What is needed is an exact reproduction of the lines in the records below, starting at the line with "Küche und Essplatz" and ending at the line with "When I finished", both included, and nothing else; pictures stay out.

### Records for this exercise

[Start of section]

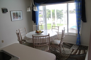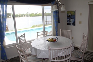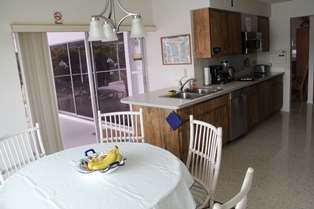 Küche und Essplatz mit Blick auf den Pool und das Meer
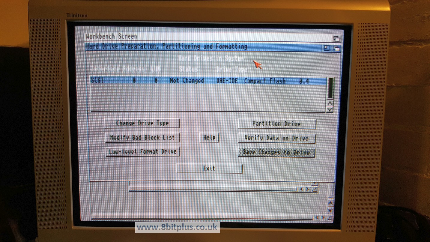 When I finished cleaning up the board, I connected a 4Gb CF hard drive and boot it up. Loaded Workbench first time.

[End of section]
[Start of section]

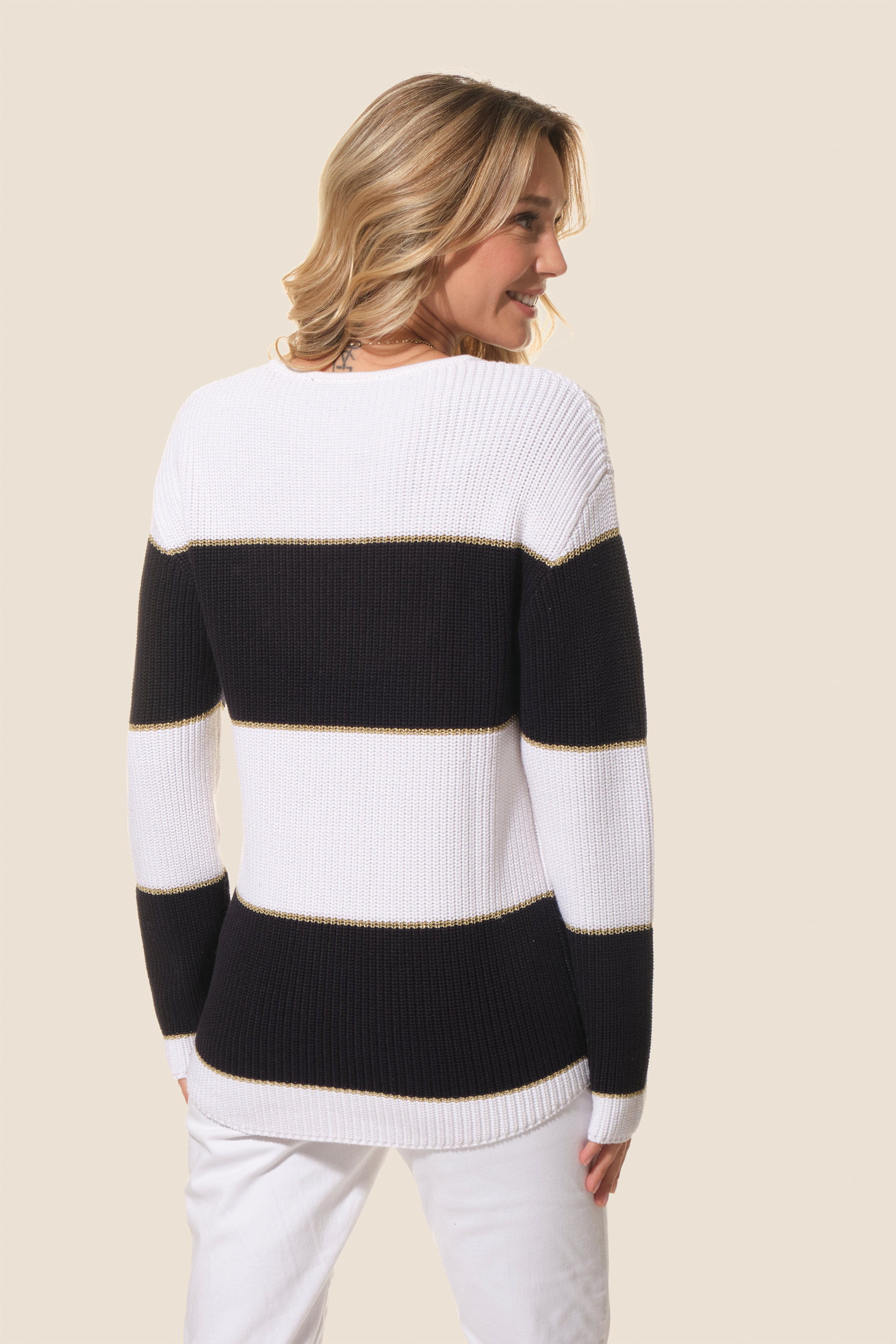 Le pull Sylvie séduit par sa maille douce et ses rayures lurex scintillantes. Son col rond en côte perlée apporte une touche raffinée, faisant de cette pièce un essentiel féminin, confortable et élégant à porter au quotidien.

[End of section]

### Expected answer
 Küche und Essplatz mit Blick auf den Pool und das Meer
 When I finished cleaning up the board, I connected a 4Gb CF hard drive and boot it up. Loaded Workbench first time.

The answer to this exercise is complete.